- **WHAT YOU SHOULD DO**
Write out, word for word, the part of the listing below that opens with the line containing "Plain X-ray radiograph" and closes with the line containing "Aštuonkojo formos fontanas", keeping both of those lines and adding no others.

- **SUPPLIED MATERIAL**
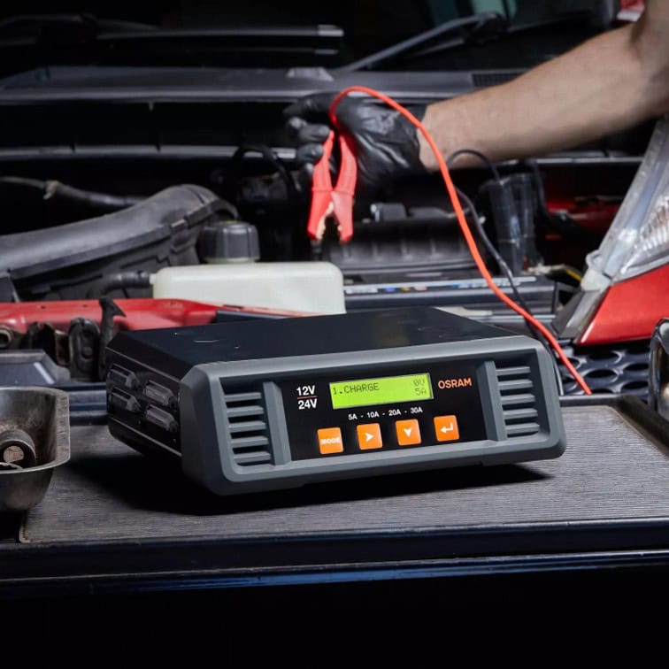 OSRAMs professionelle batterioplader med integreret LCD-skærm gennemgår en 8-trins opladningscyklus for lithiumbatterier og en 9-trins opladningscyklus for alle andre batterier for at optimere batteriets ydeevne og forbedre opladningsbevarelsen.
---
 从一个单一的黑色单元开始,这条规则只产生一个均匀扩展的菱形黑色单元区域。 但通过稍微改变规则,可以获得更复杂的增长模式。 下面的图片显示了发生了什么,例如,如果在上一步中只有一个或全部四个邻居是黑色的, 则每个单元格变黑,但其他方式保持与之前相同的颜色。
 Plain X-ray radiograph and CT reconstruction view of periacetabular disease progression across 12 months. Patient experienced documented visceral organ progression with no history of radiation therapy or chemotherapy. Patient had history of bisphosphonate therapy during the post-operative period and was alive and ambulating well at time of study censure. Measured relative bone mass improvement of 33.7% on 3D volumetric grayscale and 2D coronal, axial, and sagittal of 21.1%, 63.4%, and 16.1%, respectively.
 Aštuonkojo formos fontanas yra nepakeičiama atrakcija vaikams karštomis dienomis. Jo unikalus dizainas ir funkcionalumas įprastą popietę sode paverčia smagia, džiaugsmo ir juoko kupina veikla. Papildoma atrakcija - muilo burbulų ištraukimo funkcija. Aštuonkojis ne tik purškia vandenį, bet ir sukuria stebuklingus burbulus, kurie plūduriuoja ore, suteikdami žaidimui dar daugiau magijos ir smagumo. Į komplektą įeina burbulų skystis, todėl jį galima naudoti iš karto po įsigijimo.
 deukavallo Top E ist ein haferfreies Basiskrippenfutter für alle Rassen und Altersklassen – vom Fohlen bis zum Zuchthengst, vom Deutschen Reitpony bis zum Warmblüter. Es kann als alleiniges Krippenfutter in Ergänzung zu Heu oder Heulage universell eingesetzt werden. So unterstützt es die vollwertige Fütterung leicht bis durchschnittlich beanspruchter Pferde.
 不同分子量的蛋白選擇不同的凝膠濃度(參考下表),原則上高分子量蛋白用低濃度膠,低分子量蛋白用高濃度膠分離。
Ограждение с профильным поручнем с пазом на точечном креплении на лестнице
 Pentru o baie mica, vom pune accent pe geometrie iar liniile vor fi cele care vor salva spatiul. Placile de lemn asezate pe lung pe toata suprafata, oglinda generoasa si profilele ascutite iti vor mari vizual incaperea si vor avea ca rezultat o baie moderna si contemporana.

- **OUTPUT FOR THIS EXERCISE**
 Plain X-ray radiograph and CT reconstruction view of periacetabular disease progression across 12 months. Patient experienced documented visceral organ progression with no history of radiation therapy or chemotherapy. Patient had history of bisphosphonate therapy during the post-operative period and was alive and ambulating well at time of study censure. Measured relative bone mass improvement of 33.7% on 3D volumetric grayscale and 2D coronal, axial, and sagittal of 21.1%, 63.4%, and 16.1%, respectively.
 Aštuonkojo formos fontanas yra nepakeičiama atrakcija vaikams karštomis dienomis. Jo unikalus dizainas ir funkcionalumas įprastą popietę sode paverčia smagia, džiaugsmo ir juoko kupina veikla. Papildoma atrakcija - muilo burbulų ištraukimo funkcija. Aštuonkojis ne tik purškia vandenį, bet ir sukuria stebuklingus burbulus, kurie plūduriuoja ore, suteikdami žaidimui dar daugiau magijos ir smagumo. Į komplektą įeina burbulų skystis, todėl jį galima naudoti iš karto po įsigijimo.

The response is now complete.